Why Politicians Shouldn’t Manage Projects – Affordable Care Act Lessons Learned

Greetings Leaders…

I cringe every time I hear of a government run IT project gone bad. I watch in amazement as project after project, especially in the IT arena, goes down the tubes when run by the government. I’m not talking about IT Infrastructure, things like servers or networks but about true software development. Over my career in Project Management, I’ve worked on many government projects and also been around many others who have… and it is very easy to see why they fail, and yet the trend continues despite many studies and hundreds of millions of dollars spent to fix the problem. The problem is not project management, it is the politicians. The Affordable Care Act is just another example of why politicians shouldn’t run IT projects.

As I read the news about the “failed” ACA website, it is pretty obvious politicians are absolutely clueless about managing projects. Any experienced project manager saw this coming about 2 years ago and the performance of the website shouldn’t have surprised anyone. Here is the very predictable road map to how this all occurred.

Lack of Cohesive Vision

With Republicans and Democrats fighting from day one about the ACA, it is not surprising that a cohesive vision did not exist. You can give President Obama some kudos for laying the vision out there, but while the democrats were able to ram the ACA through because of numbers in the House and Senate, they never got buy-in from the Republicans. There is blame on both side of the isles though, as the Republicans also had a choice, and they chose to fight from an absolutist position, rather than trying to make the ACA work. A question to my colleagues in project management, what are the odds of a project succeeding if the project owners are in disagreement over the vision of the project? Right… not very good. From Day One, the stage was set for failure.

Lack of Concrete Requirements

Lack of Cohesive Vision, leads to lack of concrete requirements. When the Republicans were falling on their swords back in September and October of this year, I shook my head. It was clear that they didn’t understand a thing about how projects are run. Regardless of your position on the ACA, trying to cancel it at the last minute was just plain stupid. Millions, if not Billions of dollars were already spent getting ready for it. To just cancel it, or even just postpone it, was impossible. The healthcare industry does not have an on/off switch. The complexities of healthcare administration would require at least a year to back out all the changes that were put in. There were system changes, benefit plans, communications, market analysis, provider contracts and so much more that would need to change before you could just turn off the ACA.

The infighting over the past two years caused changes to the requirements that the healthcare industry had to try to accommodate. Another question to my project management colleagues, what are the odds of a project succeeding if the requirements are continuously changing up to the date of implementation? Again… not very good. If the Republicans had a clue about how healthcare really worked, they would have just kept their mouths shut and waited for the ACA to implode.

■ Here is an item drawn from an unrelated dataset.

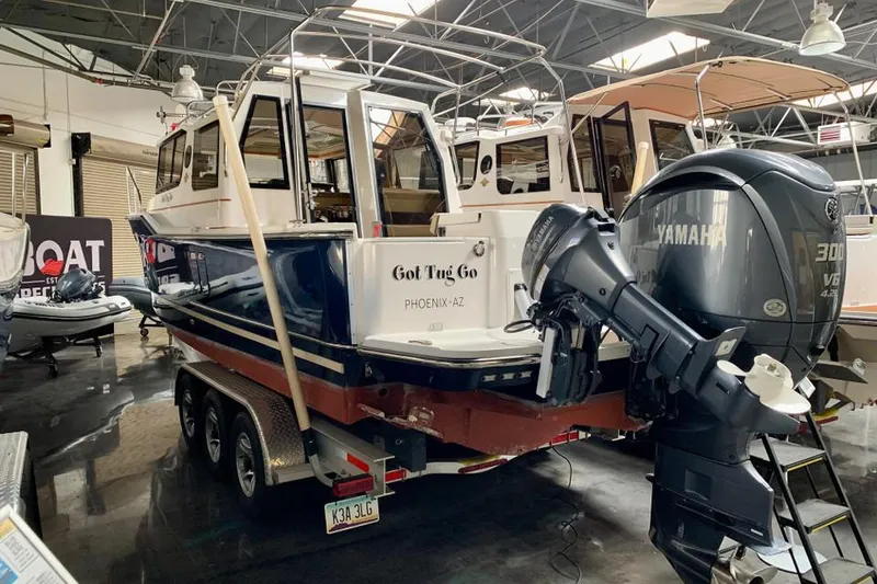 This is a lightly owned boat with an interior that looks like it has never been touched. The motor has less than 150 hours on it and the boat is ready to go. OEM Trailer included. Cruising without compromise is the name of the game for the R-27 from Ranger Tugs. Straight from the factory, your R-27 will be outfitted to cruise, fish, and play in comfort and style. Powered by the efficient and popular Yamaha F300 outboard motor, the R-27 doesn't waste time delivering you and your family to your next adventure. Enjoy peace of mind knowing that the boat is loaded with safety and navigation features, and will guide you safely on your passage and that when you arrive, the bow thruster will make docking a non-event.

What could the Democrats done to help prevent this from happening? Well, any good project manager knows it is about setting expectations. The Democrats should have been talking with the healthcare industry, looking for health indicators about how things were going. In healthcare, the Centers for Medicare and Medicaid have done this somewhat successfully with HIPAA and ICD-10. The Democrats set an unrealistic deadline without checking back in with the industry to see how it was doing. It is not surprising that the ACA website was not ready given the changing requirements and a deadline that was set without checking back in with the industry.

Groupthink

After the Challenger accident back in 1986, and the studies that indicated that groupthink was a very large contributing factor to it, I am amazed that politicians think that just ramming something through and throwing money at it will ensure its success. Groupthink occurs when a group loses sight of reality based on missperceptions about the groups strengths and weaknesses. One of the results of groupthink is that those outside of the inner circle (democrats), begin to use self-censorship to avoid being perceived as not supportive of the group. In the case of the ACA website, I’m sure the consultants felt that they needed to deliver a message in-line with their political sponsors. On the other hand, even if a true status of the project was delivered, those running the project for the government may have not heard the message because of the effects of groupthink, or worse yet, may have altered the message as it was pushed up the chain. I don’t have enough information to know which one of these things happened, but am willing to bet that groupthink was prevalent and a very high contributing factor to the ACA website failure.

Lack of Change Management and Project Control

The last factor that bears mentioning here is inadequate change management and project control. I am certain that the government had oversight on a project as big as the ACA website. Yet, the controls they had in place were not adequate to predict the success or failure of the project. A very common falacy surrounding change control is that if you monitor and document the changes to a project, that you’re doing a good job of managing it. This is true to a certain extent, but if project stakeholders were not making decisions about what could realistically get done by the resources in place, within the given time frame of the project, then tracking the changes means almost nothing at all. What should have happened, is that as changes were being made to requirements, the impact to the overall project would be assessed and time frames moved as necessary to accommodate them. What the democrats should have fought for, was a stick in the ground, or a line in the sand that was set back in the spring of 2013. Any changes after that, should have come out in phase 2, perhaps in mid 2014.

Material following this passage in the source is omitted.